Shan Fadh Bullock
Shan Fadh Bullock was born on 17 May 1865 at Inisherk, Co. Fermanagh just outside the Cavan border near Belturbet. His father Thomas Bullock was a strict man who had eleven children and drove several to emigration because of his stern demeanour. Thomas Bullock worked on the Crom Castle estate which ran along the Cavan/Fermanagh border and employed both Catholic and Protestant workers. Protestant workers had the prime jobs and were employed as craftsmen and supervisors while Catholics worked in the outer area of the estate at unskilled jobs. Folk memories of the battle of Newtownbutler in 1689 remained long in the memory in the area where up to 1500 Jacobite troops were hacked down or drowned in Upper Lough Erne when pursued by the Williamite cavalry. Many of the Williamite army was drawn from the local Protestant population.

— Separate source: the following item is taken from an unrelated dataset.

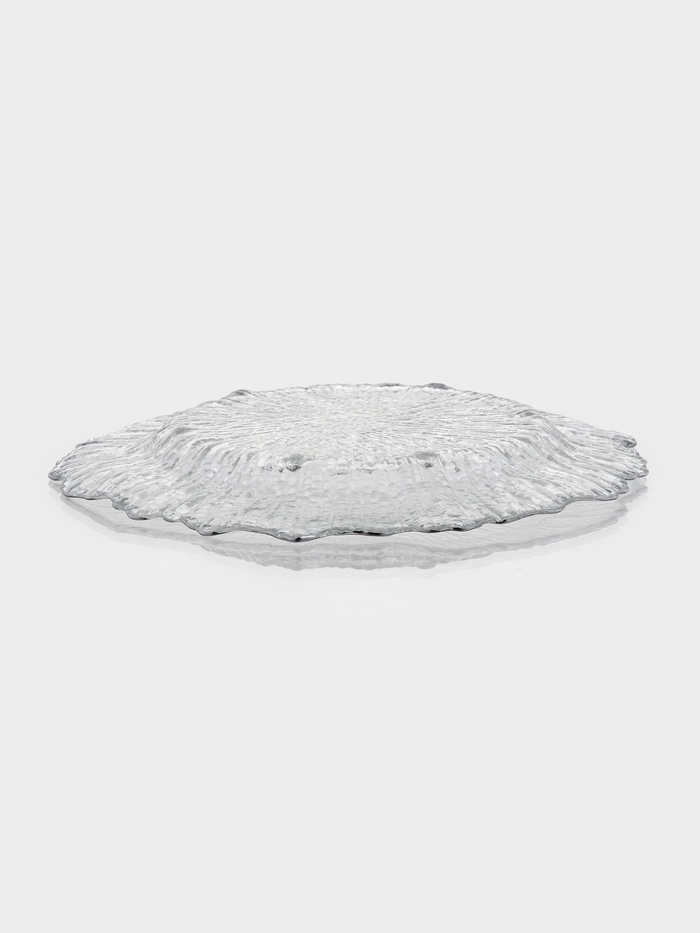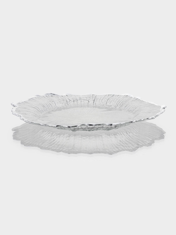 Элегантность, подчёркнутая сиянием серебра. Плоская тарелка с серебряной отводкой – это сочетание прозрачного стекла и тонкой декоративной окантовки, которая придаёт изделию благородный вид.
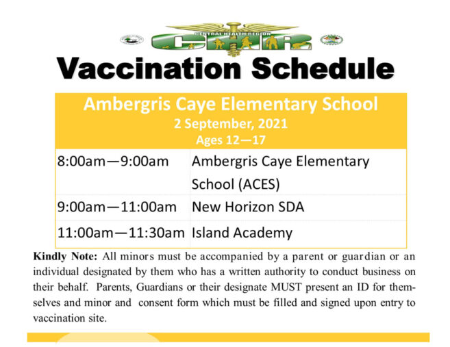 The national vaccination campaign for children ages 12-17 continues on September 2nd in San Pedro Town at the Ambergris Caye Elementary School. This will cover all primary school students from the island ages 12 and up.

Shan Bullock was educated at Crom estate primary school run by the Church of Ireland and Farra school, Co. Westmeath. He tried his hand at farming but found he was not suited, moved to London in 1883 and became a civil service clerk. Bullock took to journalism to supplement his salary and published his first book of stories ‘The Awkward squads’ in 1893. His stories are centred on Irish Catholic and Protestant small farmers and labourers and their struggles and tensions. He married Emma Mitchell in 1899 and they had a son and daughter.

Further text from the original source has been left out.